Section 114 Property and Conveyancing Law of the Western Region of Nigeria 1959
Section 114 of the Property and Conveyancing Law of the Western Region of Nigeria 1959 is about Sale of mortgaged property in action for redemption or foreclosure. It provides as follows:
(1) Any person entitled to redeem mortgaged property may have a judgment
or order for sale instead of for redemption in an action brought by him either for
redemption alone, or for sale alone, or for sale or redemption in the alternative.

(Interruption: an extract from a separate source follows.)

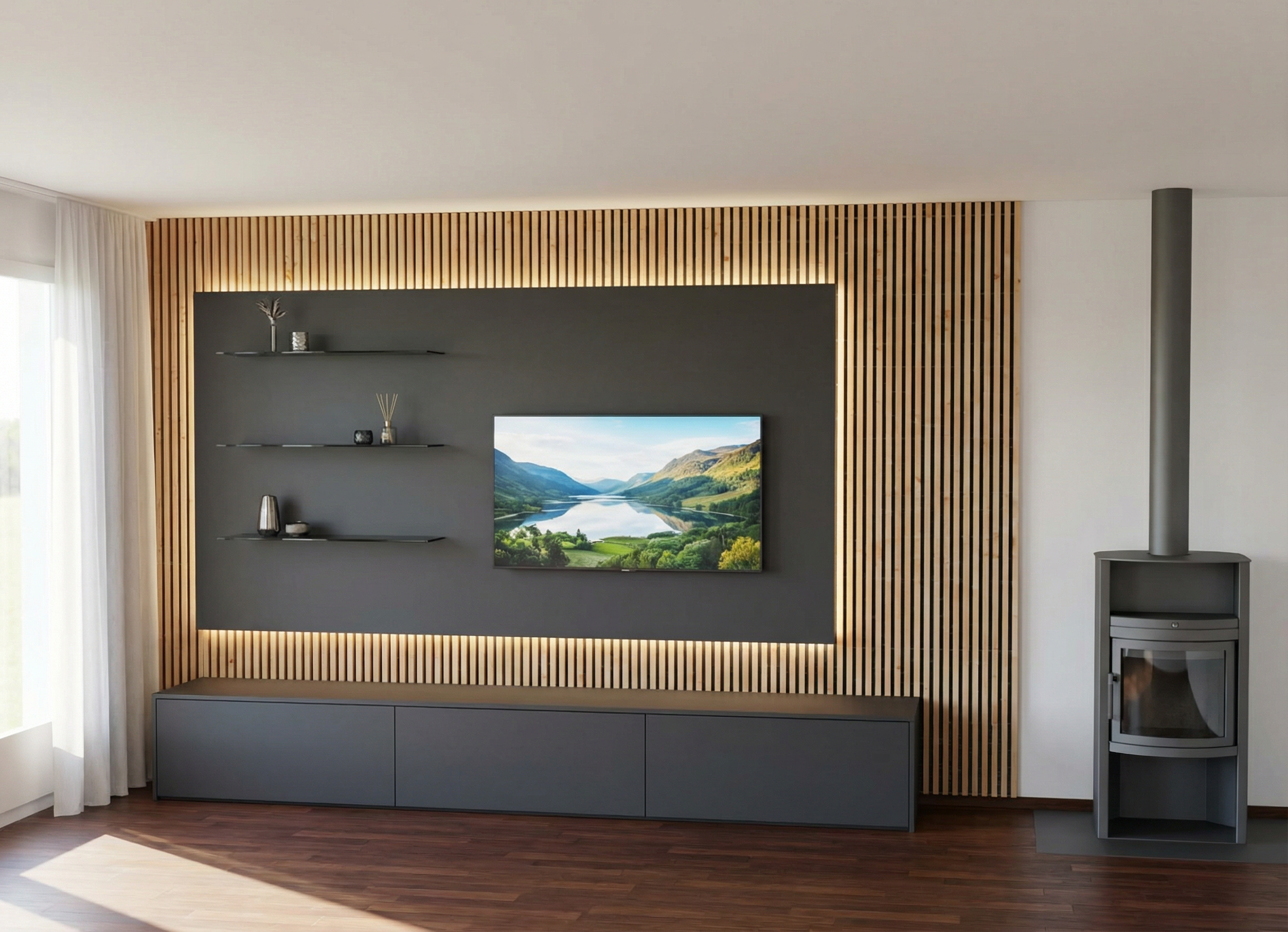 add wooden panel on the wall

(2) In any action, whether for foreclosure, or for redemption, or for sale, or for the
raising and payment in any manner of mortgage money, the court, on the request of
the mortgagee, or of any person interested either in the mortgage money or in the
right of redemption, and, notwithstanding that
(a) any other person dissents; or
(b) the mortgagee or any person so interested does not appear in the action;
and without allowing any time for redemption or for payment of any mortgage
money, may direct a sale of the mortgaged property, on such terms as it thinks fit,
including the deposit in court of a reasonable sum fixed by the court to meet the
expenses of sale and to secure performance of the terms.
(3) But, in an action brought by a person interested in the right of redemption and
seeking a sale, the court may, on the application of any defendant, direct the plaintiff
to give such security for costs as the court thinks fit, and may give the conduct of the
sale to any defendant, and may give such directions as it thinks fit respecting the
costs of the defendants or any of them.
(4) In any case within this section the court may, if it thinks fit, direct a sale without
previously determining the priorities of incumbrancers.
(5) This section applies to actions brought either before or after the commencement
of this Law.
(6) In this section “mortgaged property” includes the estate or interest which a
mortgagee would have had power to convey if the statutory power of sale were
applicable.
(7) For the purposes of this section the court may, in favour of a purchaser, make a
vesting order conveying the mortgaged property, or appoint a person to do so,
subject or not to any incumbrance, as the court may think fit; or, in the case of an
equitable mortgage, may create and vest a mortgage term in the mortgagee to enable him to carry out the sale as if the mortgage had been made by deed by way of legal mortgage.